That’s an implementation detail the user don’t has to see if it don’t improve the user experience.
Like said earlier, i want a concept for a user-friendly package manager that has the features of Nix. I don’t care how we implement that later at this point. How parameters are used should be easy to change. That’s the perspective i want us to have when discussing this.
In the flake world, this command runs the default package from the “hello” flake.
That’s how it’s implemented now, but we can change that. See it as a completely different program.
If you want a command to “run the default package from the “hello” flake”, it would look like this translated from my concept above.
nix run --from hello
There is no default channel like nixpkgs (in fact there are no channels anymore).

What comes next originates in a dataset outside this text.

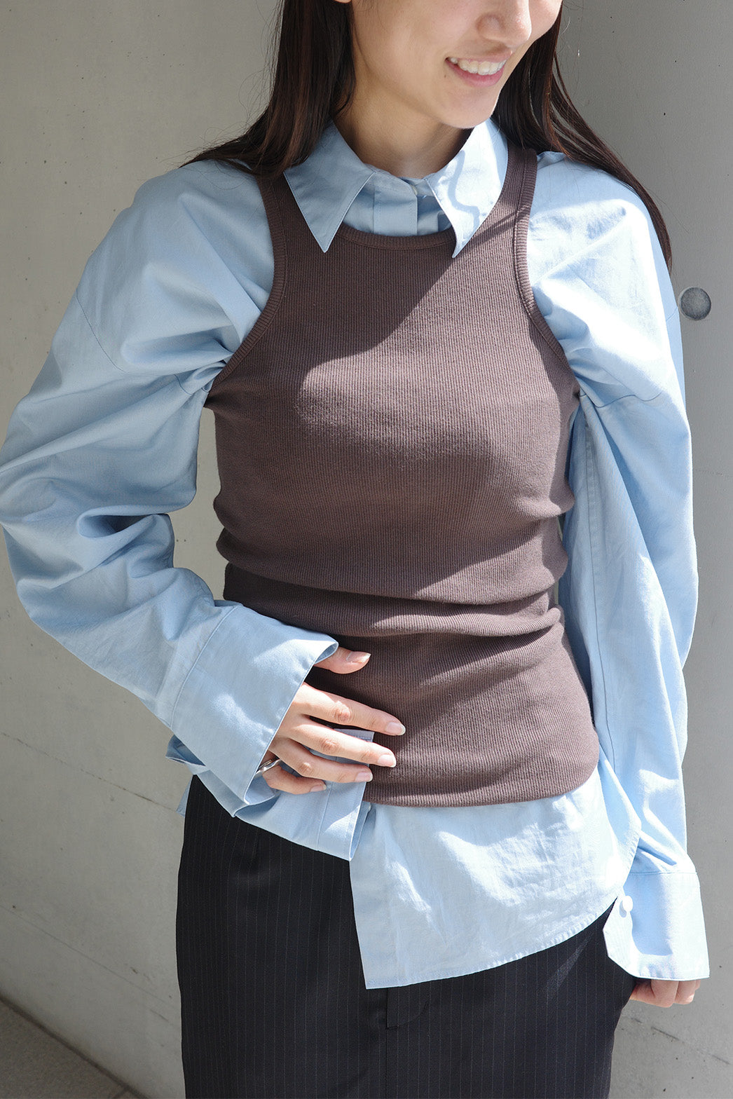 シャツにタンクトップをレイヤードする今年らしいスタイリング。 ブルーシャツも、ブラウンのタンクを合わせることで秋口にも着れます。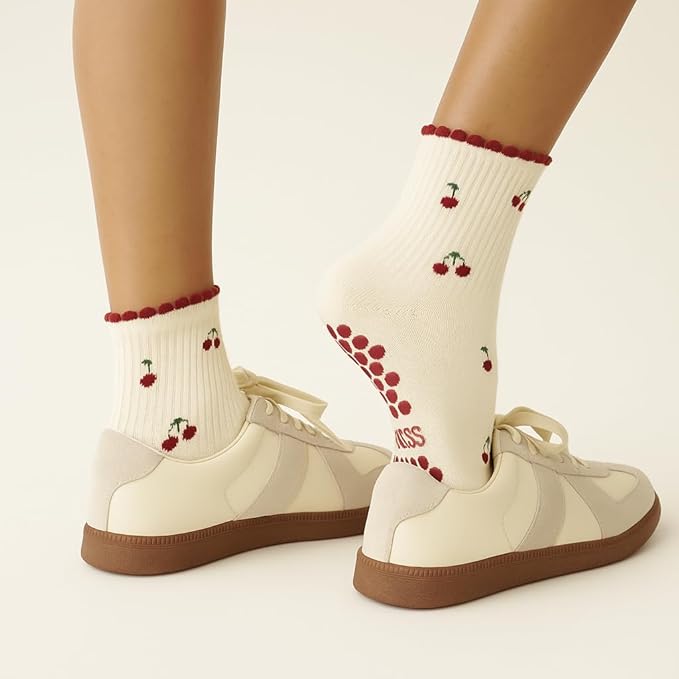 Shapes Studio Crew Half Calf Grip Socks, Cutest Fruits Pilates Socks, Ruffle socks, Non-Slip, Barre Yoga Fitness

I don’t know the term in your current implementation, but you probably understand what behavior i expect from the commands. Like it should be obvious with good UI design.

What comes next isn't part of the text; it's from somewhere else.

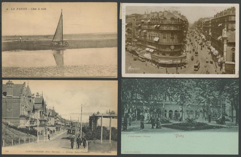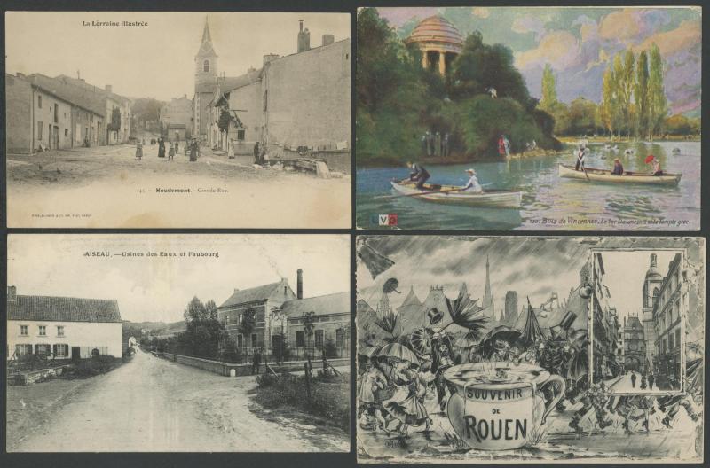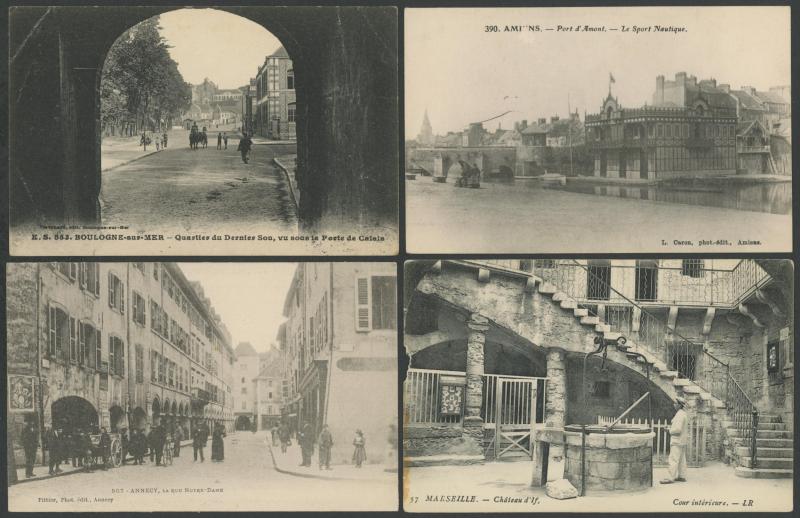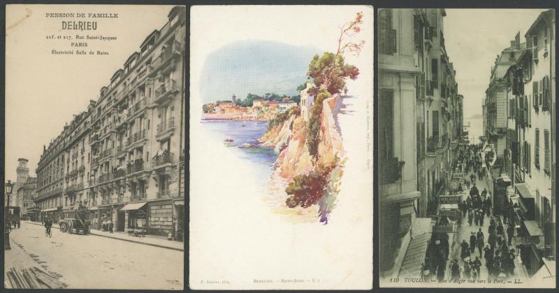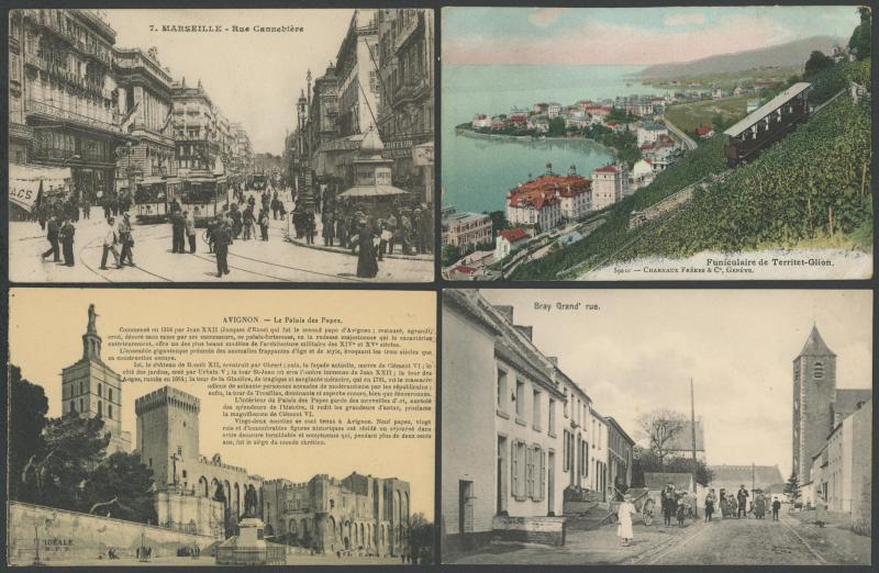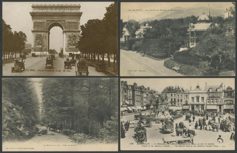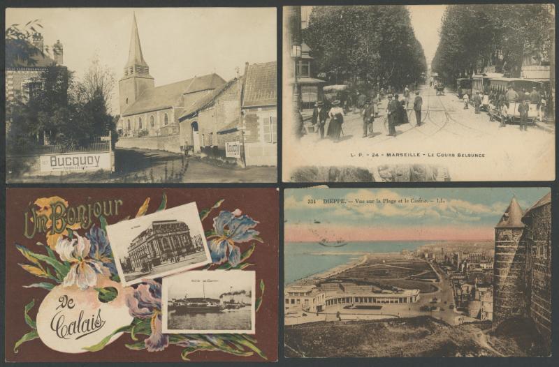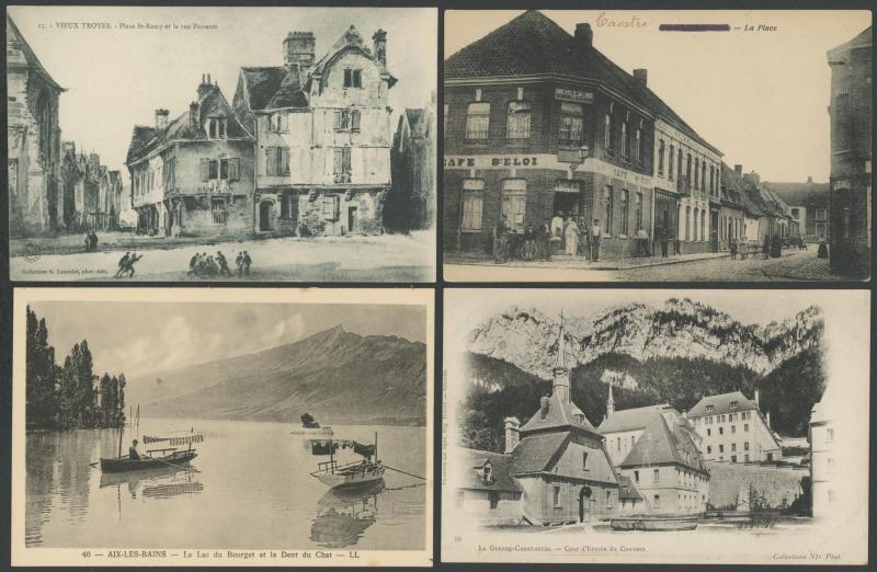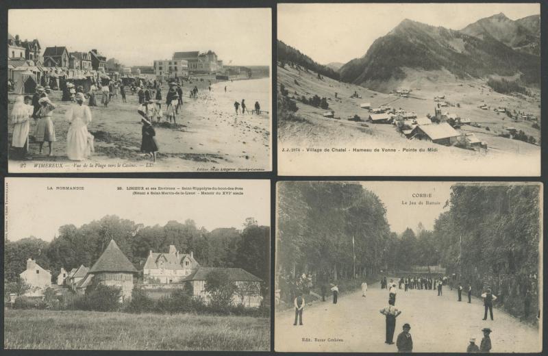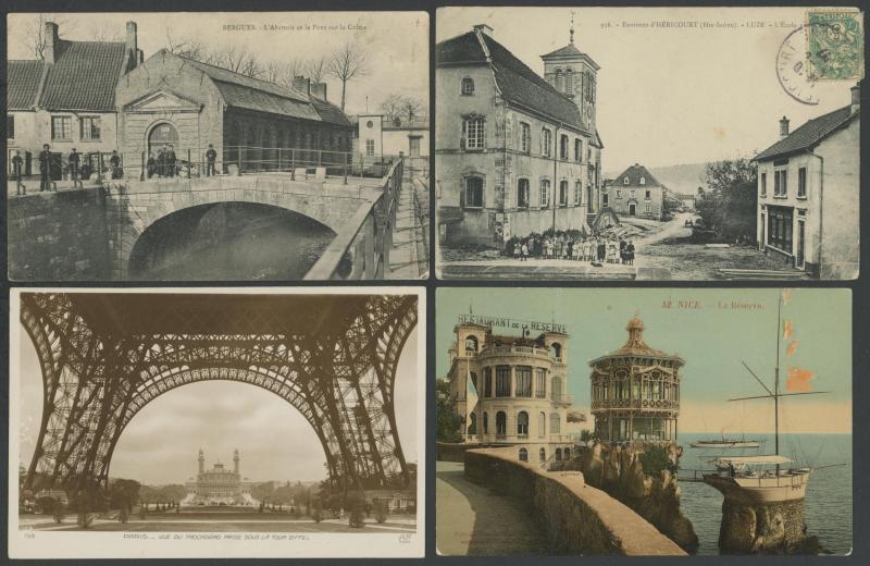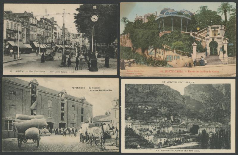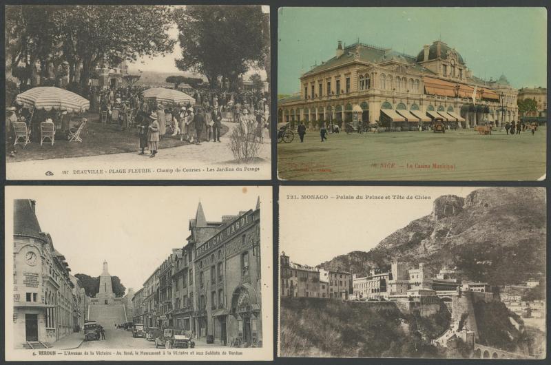 quantity of collotypes including numerous exellent views by LL & other superior producers, towns & streetscapes, rivers & beaches, rural scenes & beauty spots, casinos, railway stations, villlages & chateaux, schools, etc, also some Monaco, condition

I could just write a wrapper:
if flake='':
flake = 'nixpkgs'
You probably can do that in C++ too That’s not the hard part here.

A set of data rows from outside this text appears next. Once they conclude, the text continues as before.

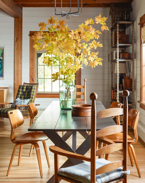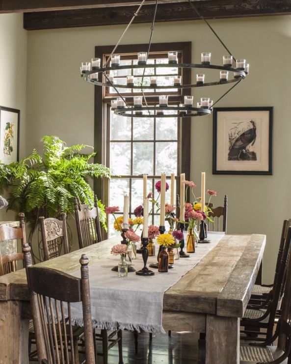 IDEA #4 – More Is Sometimes Needed – One thing that makes a forest grand is ALL the trees. Sometimes when you have a wide and long table, it’s inviting you to place more candlesticks, more vases, more pumpkins, more greenery… keeping everything centered, you can still create a beautiful fall table with a little bit of abundance. This table would also be beautiful if it had one long dough bowl full of foliage, or even a large dark container filled with tall branches. **Notice the mix of chairs again…love the charm of that!
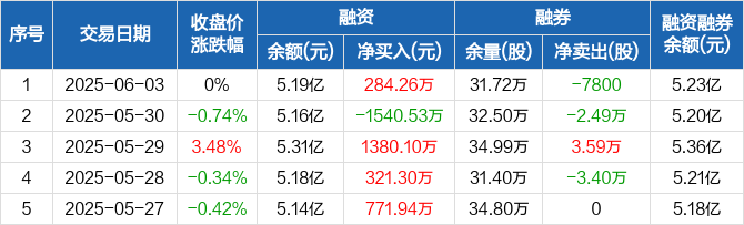 融资方面,当日融资买入3045.68万元,融资偿还2761.42万元,融资净买入284.26万元。融券方面,融券卖出1.35万股,融券偿还2.13万股,融券余量31.72万股,融券余额383.49万元。融资融券余额合计5.23亿元。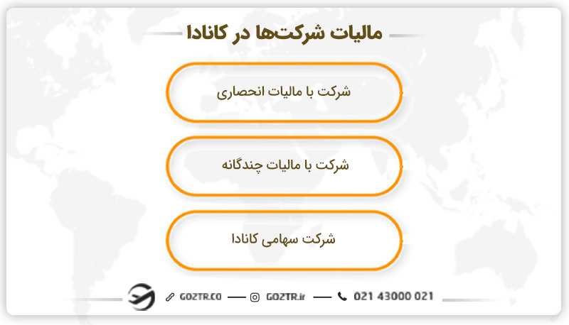 افرادی که دارای حرفه و یا شغل خاصی هستند؛ میتوانند شرکت با مالکیت انحصاری(Sole-proprietorship) ثبت کنند. همچنین افرادی که دارای کار قراردادی نیستند و یا برای انجام دادن کارهای خود نیازی به امور اداری یا دفتری ندارند. این نوع شرکتها را برای خود ثبت میکنند. مالیت پرداختی این نوع شرکتها از نوع مالیات بر درآمد شخصی است. در شرکت با مالکیت چندگانه(Partnership) مالیات را به صورت مشارکتی پرداخت میکنند؛ اما پرداخت مالیات در شرکت سهامی (Co-operatives) به صورت مستقل است. اغلب شرکتهای بزرگ کانادا از این نوع هستند. همچنین هزینه ثبت، نگهداری و مالیات این نوع شرکتها نسبت به سایر شرکتها بیشتر است.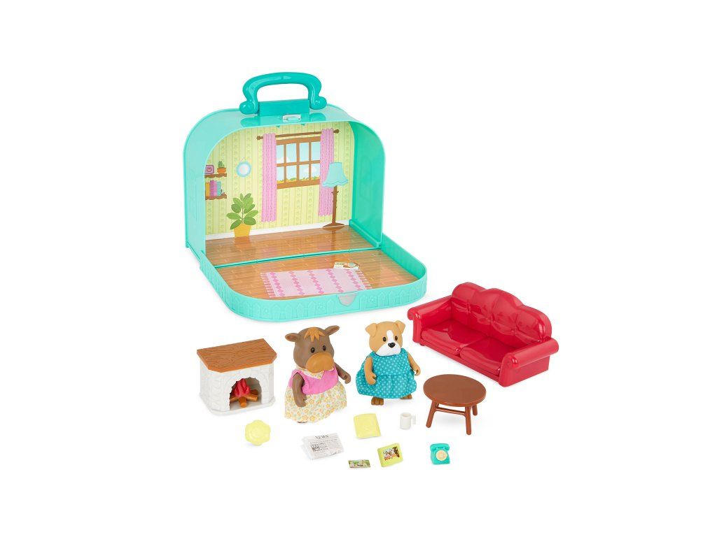 Cestovní sada hraček Li'l Woodzeeze v praktickém kufříku umožní vašemu dítěti hrát si se svými oblíbenými postavičkami kdekoli na dovolené, výletech či během víkendu u starých rodičů. Kufřík se po otevření promění v bohatě vybavený obývací pokoj s nábytkem, doplňky a postavičkami buldoga Avy a losice Eloise.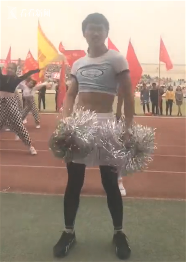 看看新聞Knews采訪到了該校另一支啦啦隊的領隊趙同學,她向記者介紹,這名男生第一場跳的時候連打底褲都沒穿,讓她有些震驚,不過后來幾場都穿上了黑色的褲子。趙同學覺得,這也是體育精神的一種體現(xiàn),很對男生都羞于參加這樣的活動,更別說穿著這樣的服裝了,這位男生勇氣可嘉。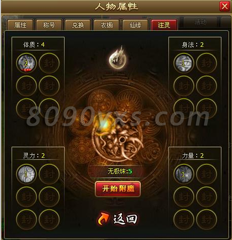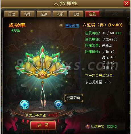 六道扇:注灵等级40/60,注灵属性:攻击+200,附魔效果:未激活。力量+0,身法+0,灵力+0,体质+0。

The feedback i would like to get from the community is:
- Do you consider the UI concept intuitive and easy to use?
- do you see a way to improve it?
- Are there use-cases that i have missed (scope here is specifying packages, versions, “channels” (NixOS releases with updates), flakes)
The next step would be to implement a script to generate nixpkgs-all-versions-index data and put it into an ElasticSearch. And create a wrapper for Nix that has this UI. Then wen can try out how it feels. I could just go to people and ask “I have a package manager here, can i show you how it can install packages”. And see their reaction when we actually have 50 versions of ansible for example. And let them play around with it. See what questions people habe “how can i do X?” and where they get stuck. They should say “This is amazing, i want that!”
If this test is sucessfull and the community likes it, would you accept a PR to Nix that implements it, @edolstra?